Example: Deploy a Model with Real-Time Feature Retrieval:

from fastapi import FastAPI, HTTPException
from feast import FeatureStore
import joblib

# Initialize FastAPI app and Feature Store
app = FastAPI()
store = FeatureStore(repo_path="feature_repo")
model = joblib.load("churn_model.pkl")  # Load the trained model

@app.post("/predict")
def predict(customer_id: int):
    # Retrieve features from the feature store
    entity_rows = [{"customer_id": customer_id}]
    features = store.get_online_features(
        entity_rows=entity_rows,
        feature_names=[
            "customer_features:total_spending",
            "customer_features:avg_spending",
            "customer_features:transaction_count",
        ],
    ).to_dict()

    # Prepare the feature vector for prediction
    try:
        feature_vector = [
            features["total_spending"][0],
            features["avg_spending"][0],
            features["transaction_count"][0],
        ]
    except KeyError as e:
        raise HTTPException(status_code=400, detail=f"Missing feature: {str(e)}")

    # Make a prediction using the model
    prediction = model.predict([feature_vector])
    return {"customer_id": customer_id, "prediction": prediction.tolist()}

What Happens Here:

Client Request: The client sends a POST request with a customer_id.
Feature Retrieval: The API retrieves real-time features for the customer from the feature store.
Prediction: The retrieved features are passed to the model for prediction.
Response: The API returns the prediction to the client.

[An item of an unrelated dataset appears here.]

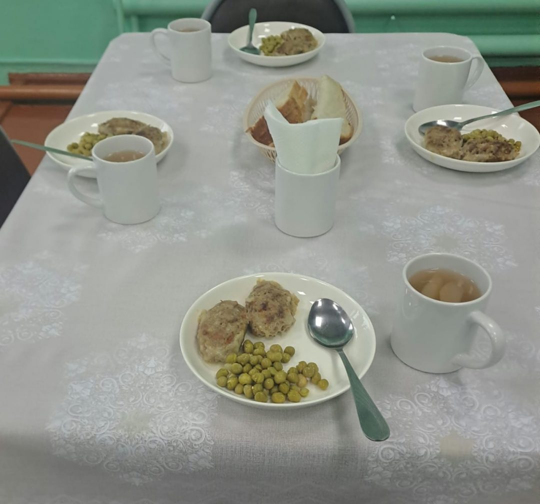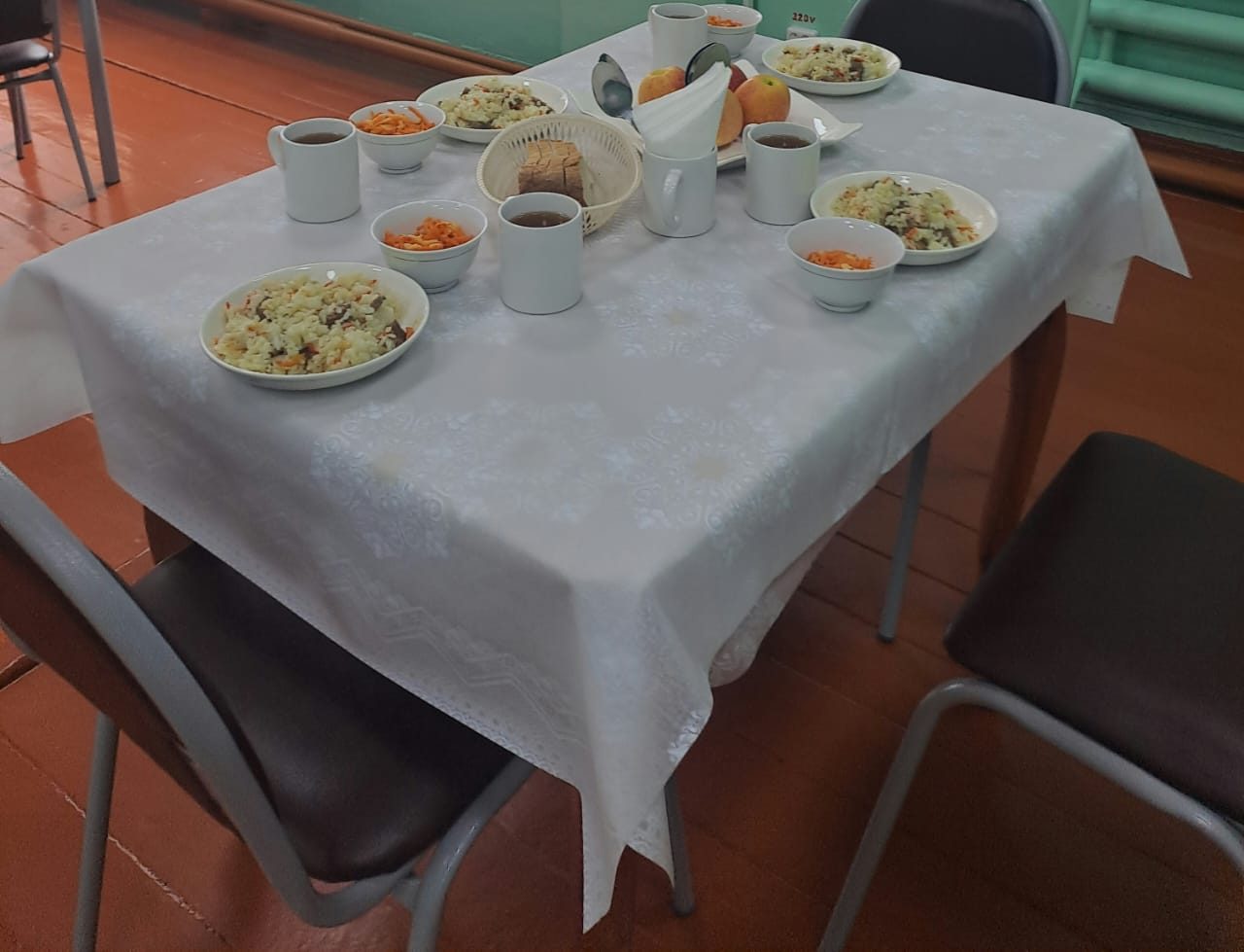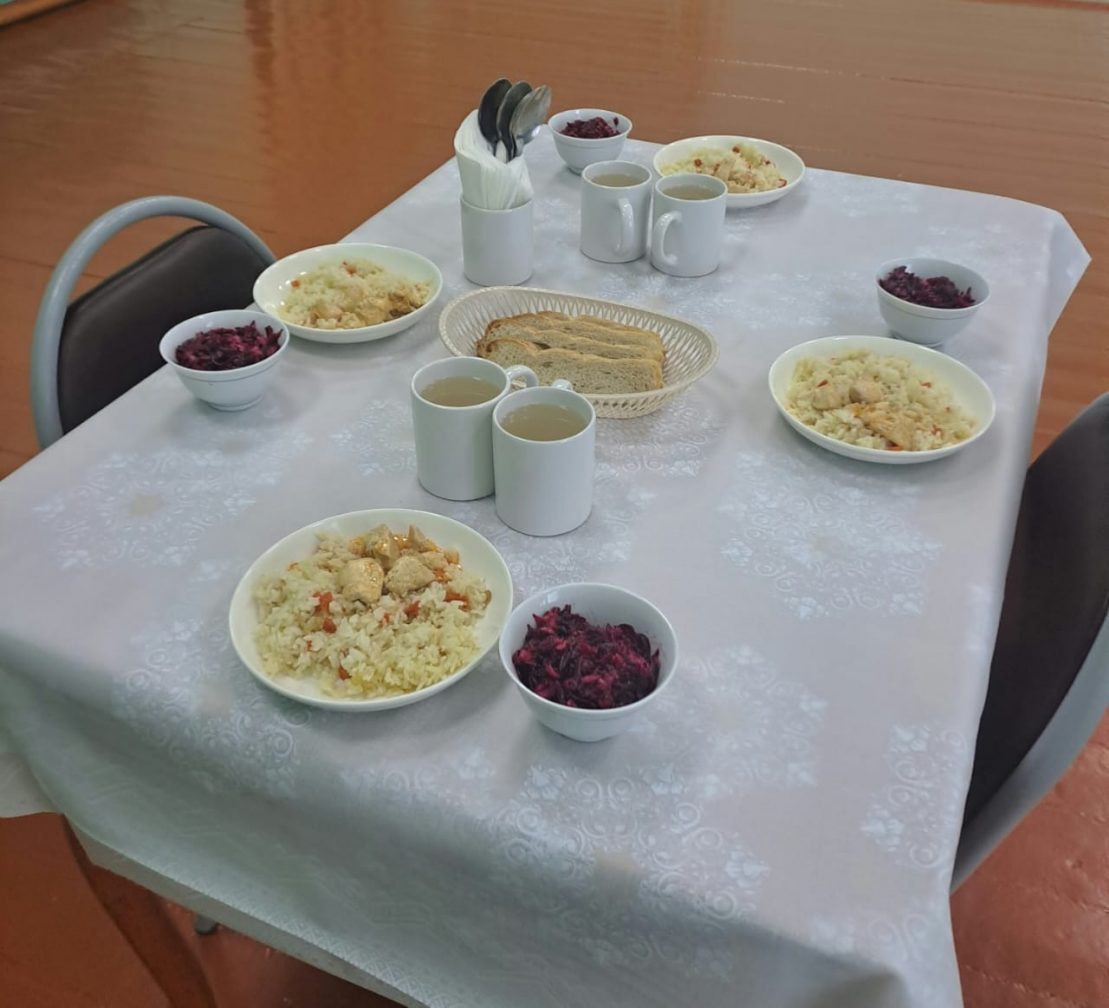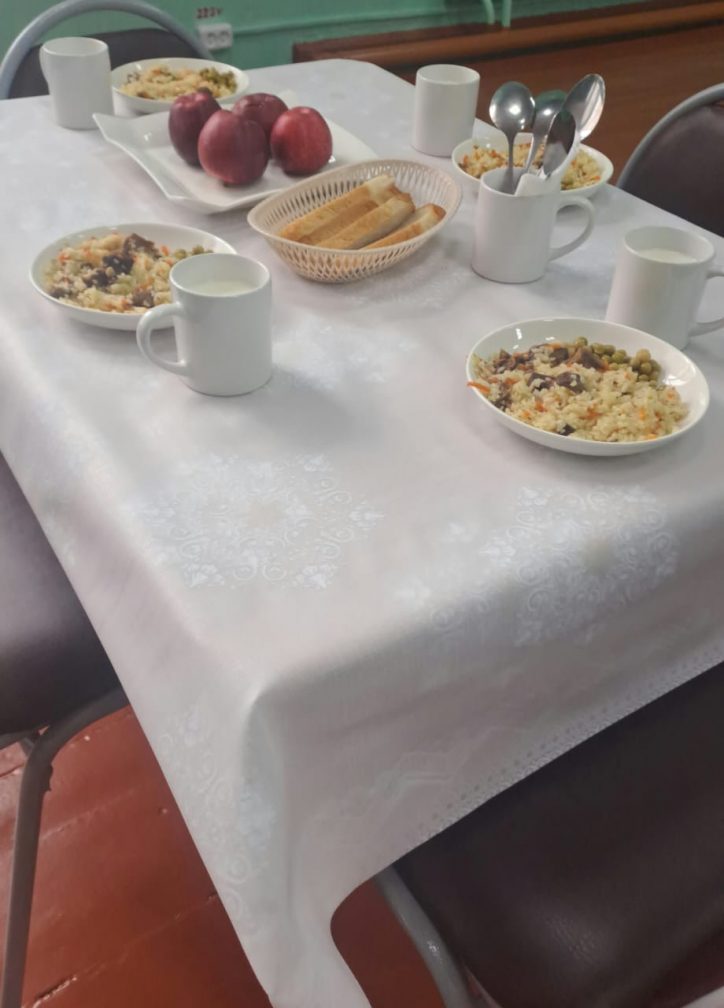 24.01.2024г. Меню: суп гречневый, плов(говядина),салат из свежих овощей, кисель, вафля, яйцо вареное, хлеб.

3.3. Monitoring and Logging

Once the inference pipeline is live, monitoring is critical to ensure consistent performance and to detect anomalies like data drift or latency issues.

Metrics to Monitor:

Latency: Measure the time taken for feature retrieval and model inference.
Data Drift: Compare real-time features against training data statistics to detect shifts.
Prediction Metrics: Track the distribution of predictions over time.

End-to-End Workflow

Here’s a summary of how the FTI architecture ties everything together:

Feature Pipeline: Extracts and engineers features stored in a feature store.
Training Pipeline: Consumes historical features for training and registers the trained model.
Inference Pipeline: Retrieves real-time features and serves predictions using the trained model.

Conclusion

The FTI architecture provides a robust and scalable framework for building machine learning pipelines. By separating Feature, Training, and Inference pipelines, you gain modularity, reproducibility, and flexibility, making it easier to manage complex ML workflows.

As data and ML systems become more complex, adopting architectures like FTI will ensure that your systems remain reliable, scalable, and easy to maintain.

Start implementing the FTI architecture today and unlock the true potential of your machine learning projects!